Tenant isolation. The Service uses logical isolation between Customer tenants, including row-level security policies on the database layer.

Access controls. Access to Customer Personal Data is restricted to personnel with a need to know, controlled by role-based access controls, individual accounts, and multi-factor authentication for administrative access.

Authentication. End-user accounts support strong passwords, two-factor authentication, and OAuth-based sign-in.

Network security. Production systems are deployed behind firewalls; administrative access is restricted; security groups are configured following least-privilege principles.

Vulnerability management. CoreOP monitors dependencies for known vulnerabilities and applies security patches in accordance with the severity of the vulnerability.

Logging and monitoring. CoreOP logs administrative and security-relevant events and reviews logs for indicators of compromise.

Personnel. Personnel with access to Customer Personal Data are subject to background checks where permitted by law, sign confidentiality agreements, and receive periodic security and privacy training.

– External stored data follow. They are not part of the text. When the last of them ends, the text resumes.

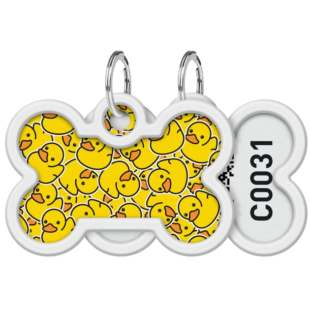 Адресник для собак і котів металевий WAUDOG Smart ID з QR паспортом, малюнок "Качечки", кістка, 40х28 мм (0640-0204)
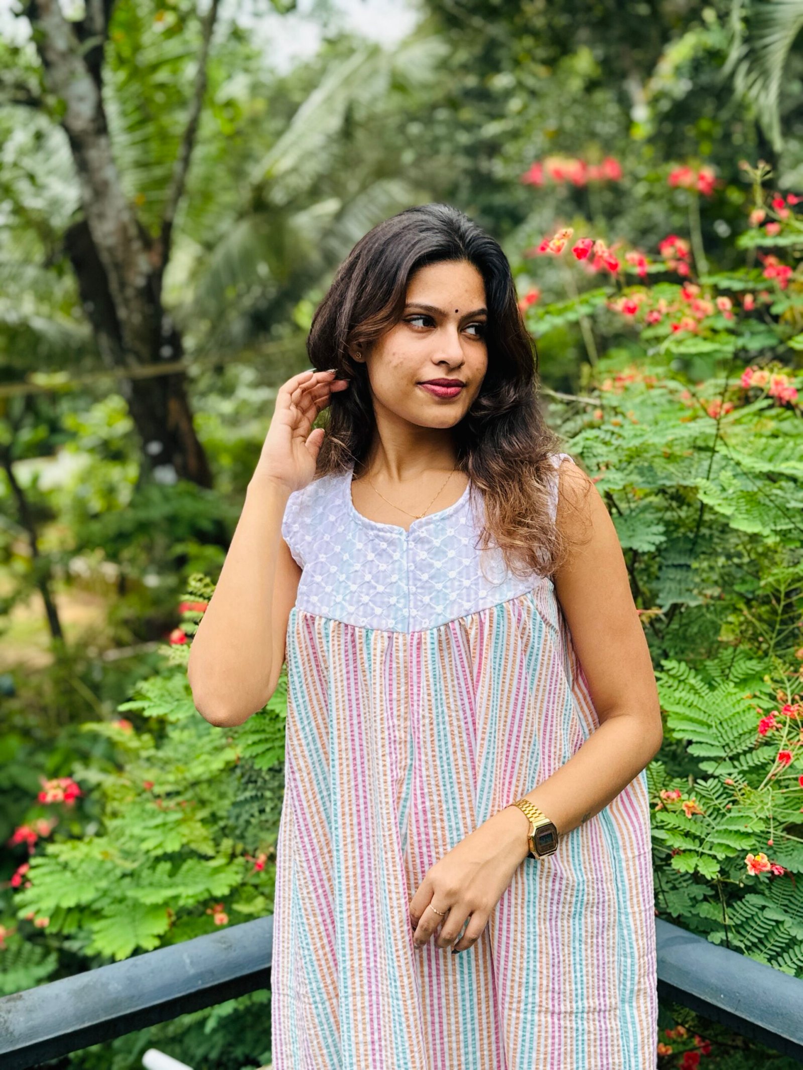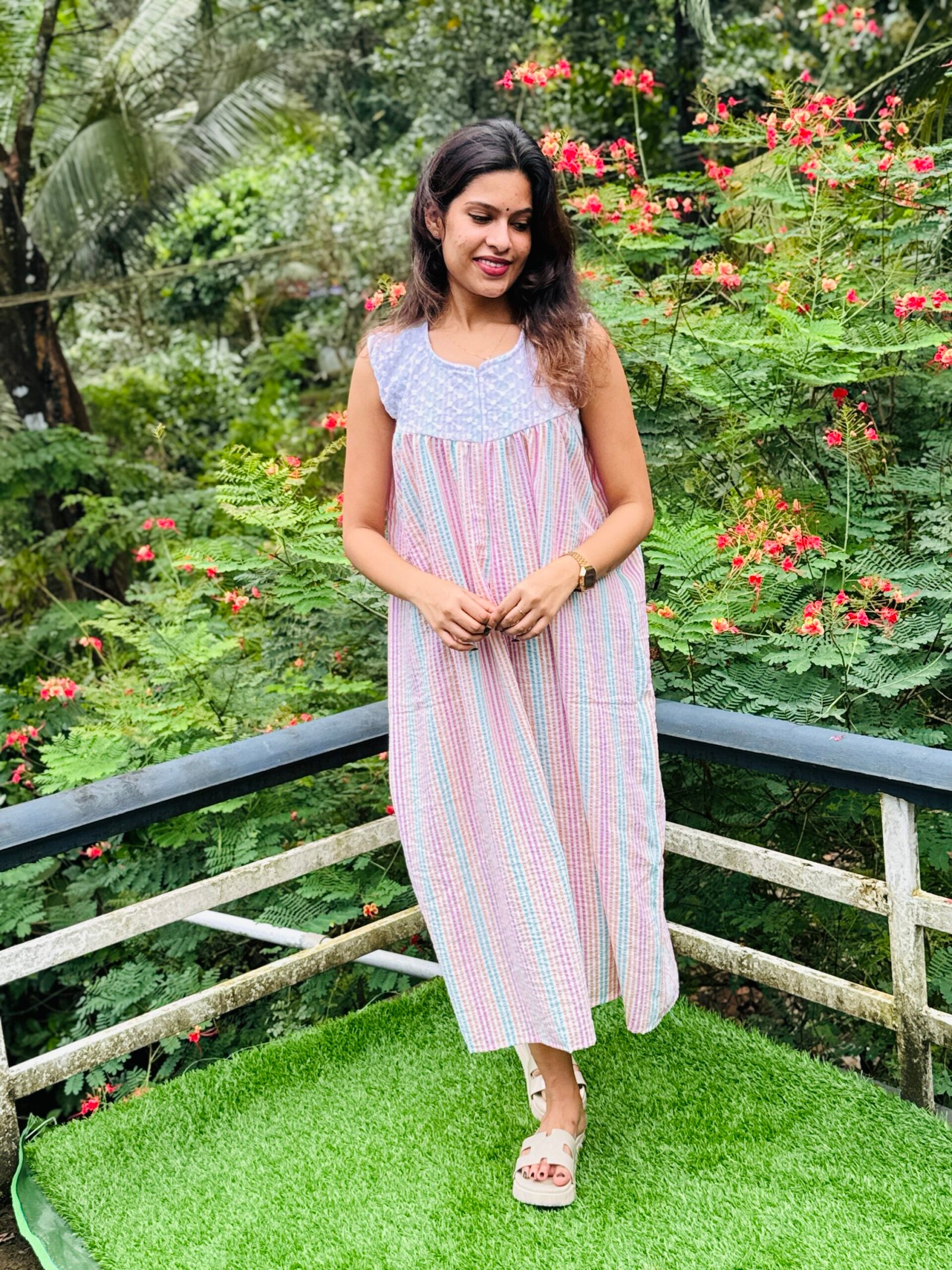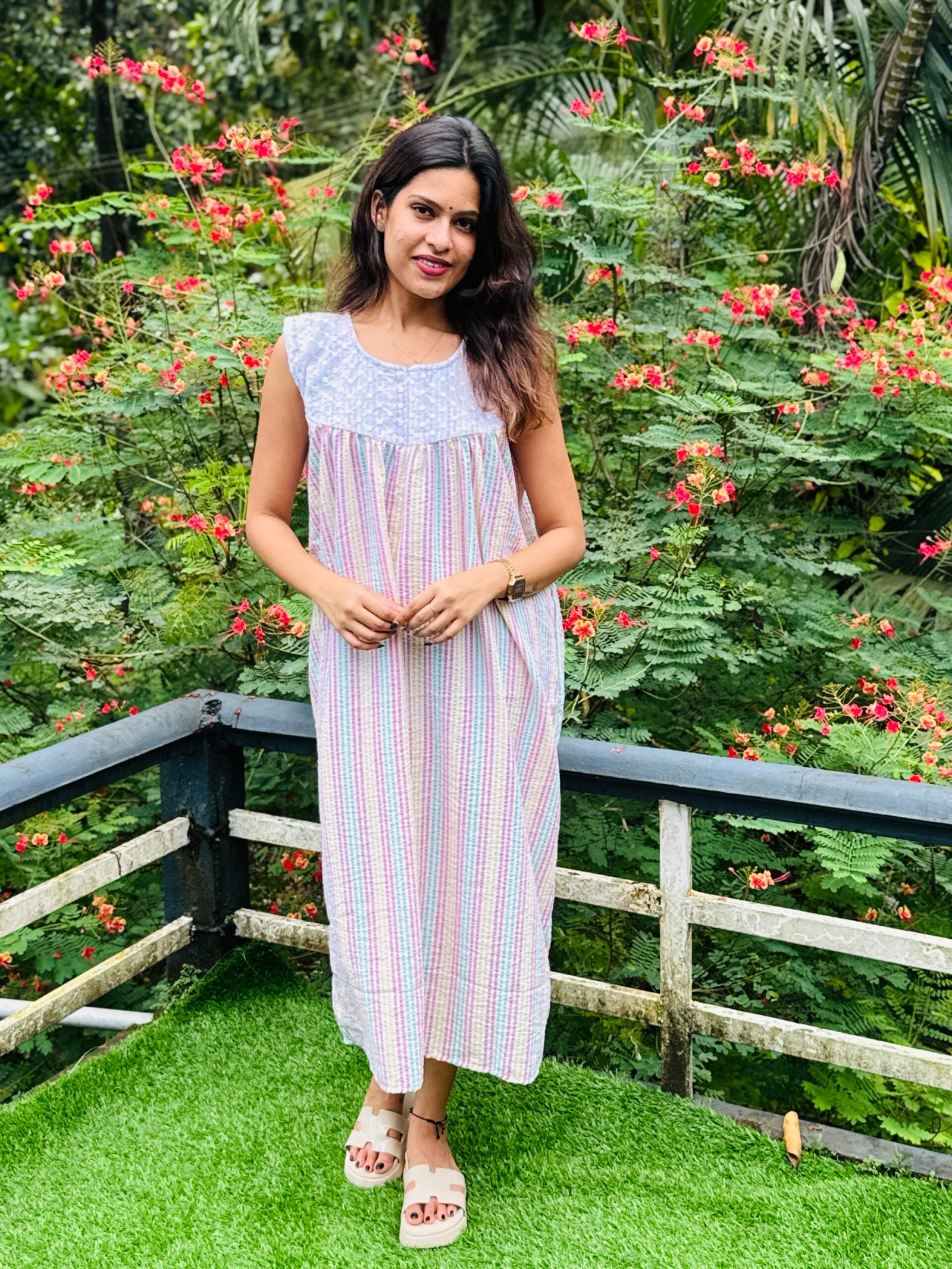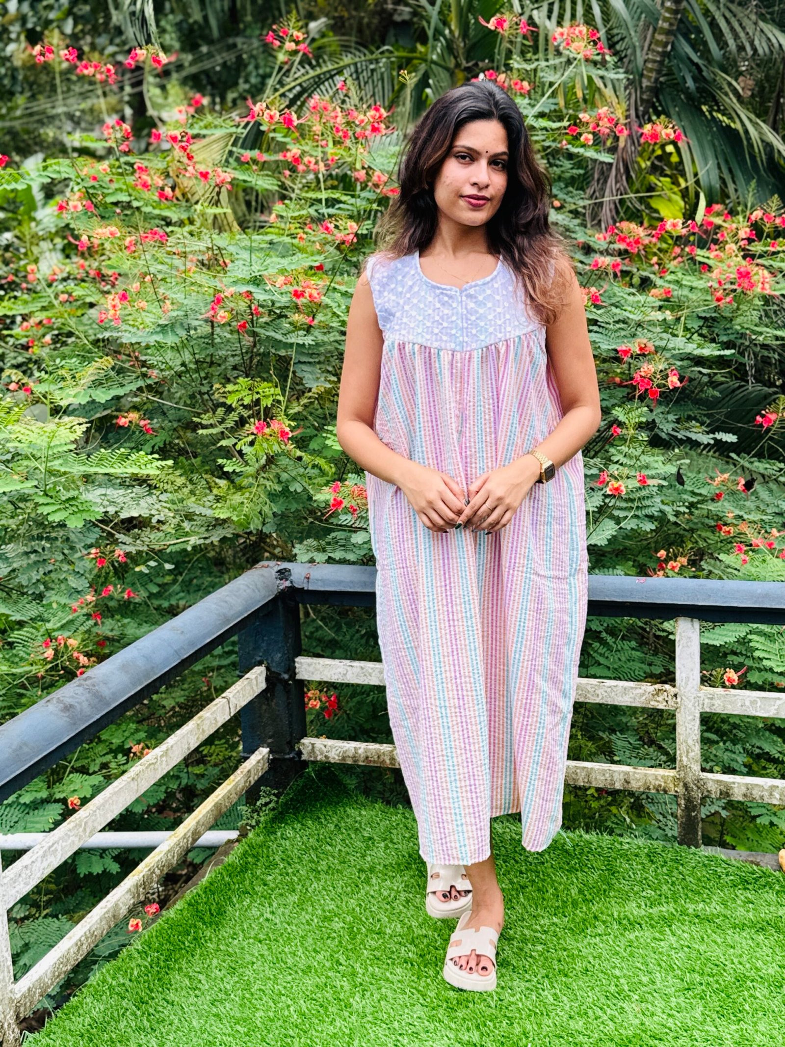 Elevate your loungewear with this elegant night frock, crafted from premium bubble cotton for unmatched comfort and breathability. The beautifully attached Hakkoba yoke adds a subtle handcrafted charm, while thoughtful features make it perfect for both new moms and everyday wear.
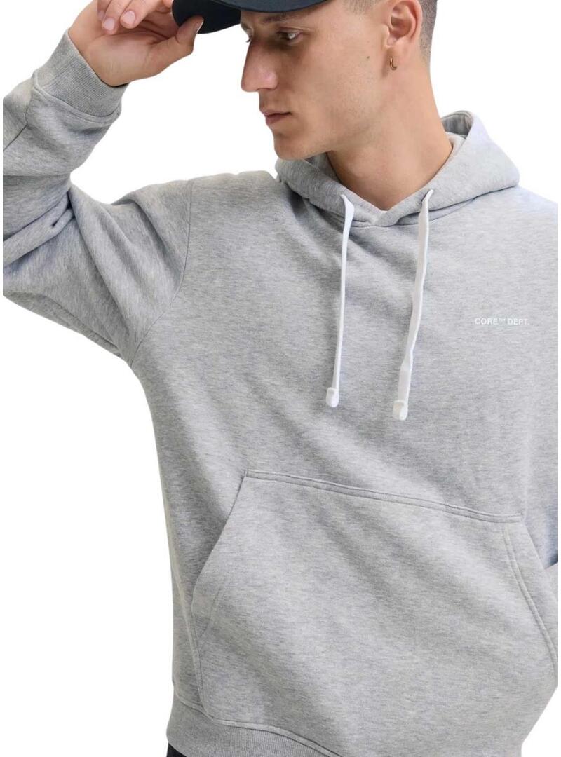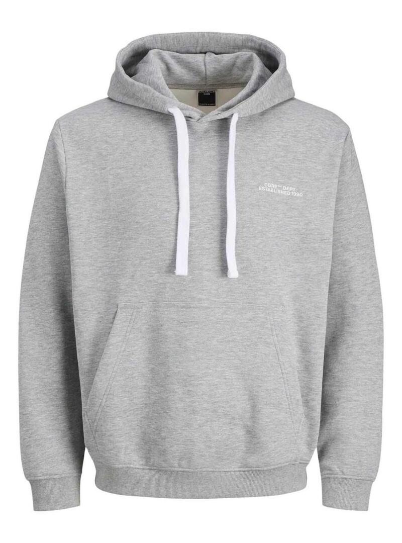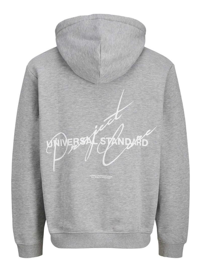 Felpa Jack and Jones. Modello Cocover. Colore grigio. Cappuccio con cordino extra largo regolabile. Tasca marsupio. Taglio largo. Estremità a costine. Messaggio stampato sul petto e sulla schiena. Dettagli in bianco.
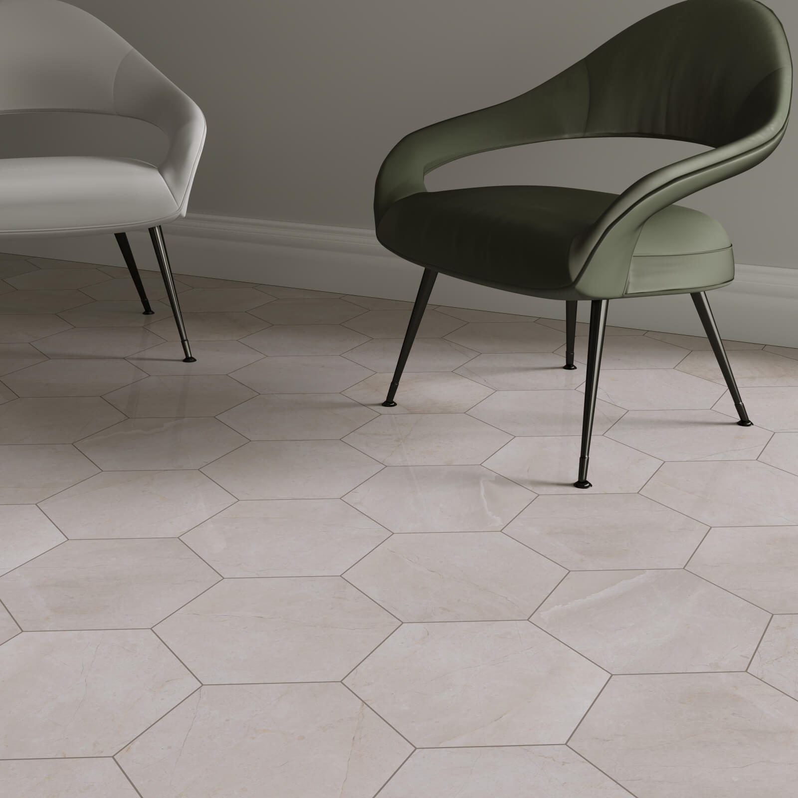 The Crema Marfil marble is simply one of the most popular marble stones in our range of marble tiles. This particular hexagon shape has a 15 cm side lengths, so slightly larger than some of our other hexagon lines. This means fewer grouting lines and more surface area covered with each tile, which makes installation easier than smaller hexagons.
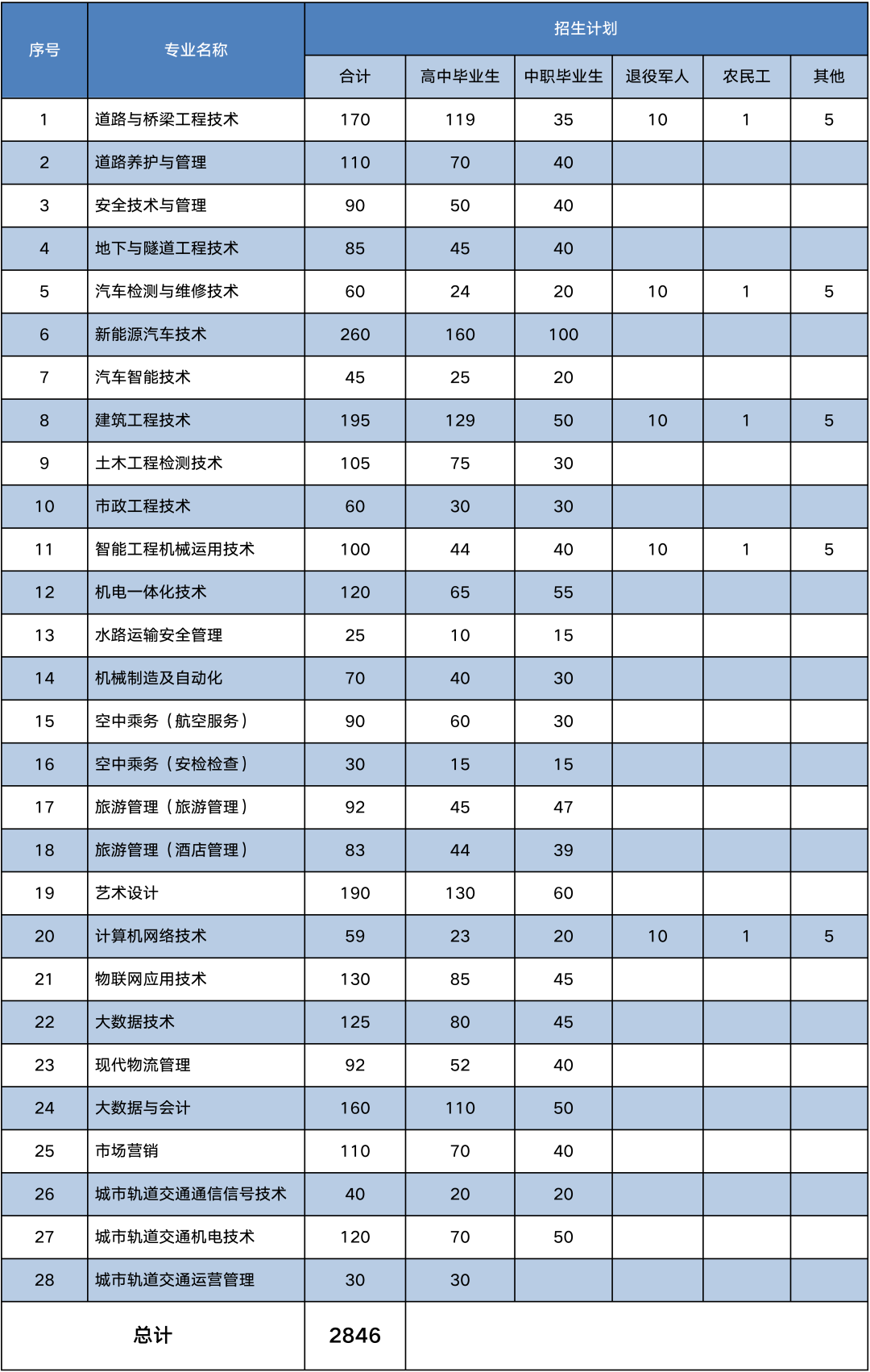 第六条 贵州交通职业技术学院2022年分类招生计划表
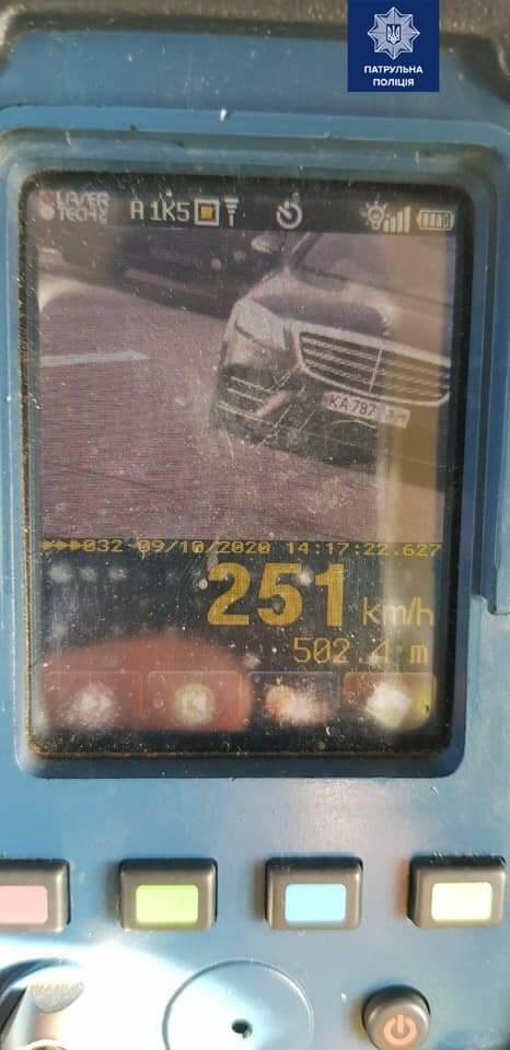 Заместитель главы Департамента патрульной полиции Нацполиции Украины Алексей Белошицкий сообщил о нарушителе, который удивил своей скоростью на трассе Киев-Одесса даже бывалых полицейских. Водитель «выжал» со своего Mercedes-Benz S 500 251 км/ч. Таким образом он превысил допустимое значение на 141 км/ч. СМИ отмечают, что это своеобразный рекорд среди зафиксированных нарушений. На водителя выписали постановление по ч.3 ст.122 КУоАП — штраф 510 грн.
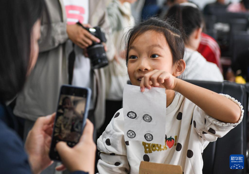 10月21日,一名小朋友向家长展示她制作的铜钱拓片。

Vendor management. Subprocessors are evaluated for security and bound by contractual confidentiality, security, and privacy obligations.

Incident response. CoreOP maintains an incident response plan covering detection, containment, eradication, recovery, and post-incident review.

Business continuity. Customer Personal Data is backed up regularly, and CoreOP maintains documented recovery procedures.

Physical security. CoreOP relies on Subprocessor data centers (such as those of Vercel and Supabase) that maintain industry-standard physical security controls, including 24/7 monitoring, access controls, and environmental safeguards.